Driving south on Interstate 83 away from Schiller Park and toward the city, the Cadillac exited on Irving Park Road and headed for a small side street located in the town of Bensenville. A tiny suburb that sits directly on the border of Chicago proper. Stopping in the driveway of high-powered Outfit member Louis “Louie the Mooch” Eboli’s house, Marcello turned off the ignition. The three men exited the vehicle, and the Spilotros were ushered into the house through a side door that had been left open for them. Still acting on the pretense that they were coming to attend a benign mob get-together, Marcello mad
e casual conversation with Tony and Michael as they entered the residence. Met at the door by Eboli, Outfit boss Joe Ferriola, and Outfit underboss Sam “Wings” Carlisi, the men then made their way to the back of the house. Marcello opened a door leading to the basement and Carlisi escorted the Spilotro brothers, Michael and then Tony, down the stairs to their pending slaughter. A cadre of bloodthirsty hit men awaited them, murder their only agenda. Instead of an initiation ceremony, it was a death trap. They were descending into hell, and Tony Spilotro, a man who had made a reputation of being able to elude volatile situations unscathed, could do nothing but pray for a quick passing. Unfortunately for him, his prayers would not be answered.

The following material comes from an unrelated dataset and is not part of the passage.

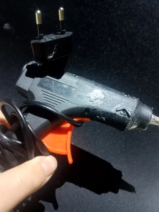 Pistola de silicona con cable y dos barras de pegamento. - Color negro y naranja. - Incluye dos barras de silicona.

When Michael reached the bottom of the stairwell, he was met by Outfit soldier Nicholas “Nicky Breeze” Calabrese, who shook his hand as part of the ruse that a making ceremony was about to commence. Within seconds of the docile greeting, carnage-strewn chaos erupted. Michael was tackled by Louie Eboli. Several Outfit hit men converged on the younger Spilotro and began viciously beating and stomping him in a flurry of fists and feet. Before he could do anything to defend himself, Tony was grabbed from behind and pushed to the cold and dirty basement floor. With Tony forced to watch, Michael was finally put out of his misery, strangled to death with a strip of electrical cord by Eboli. The murderous thugs then turned their attention to Tony. Knowing his fate, he asked his killers for permission to say one last novena before he met his maker. They refused.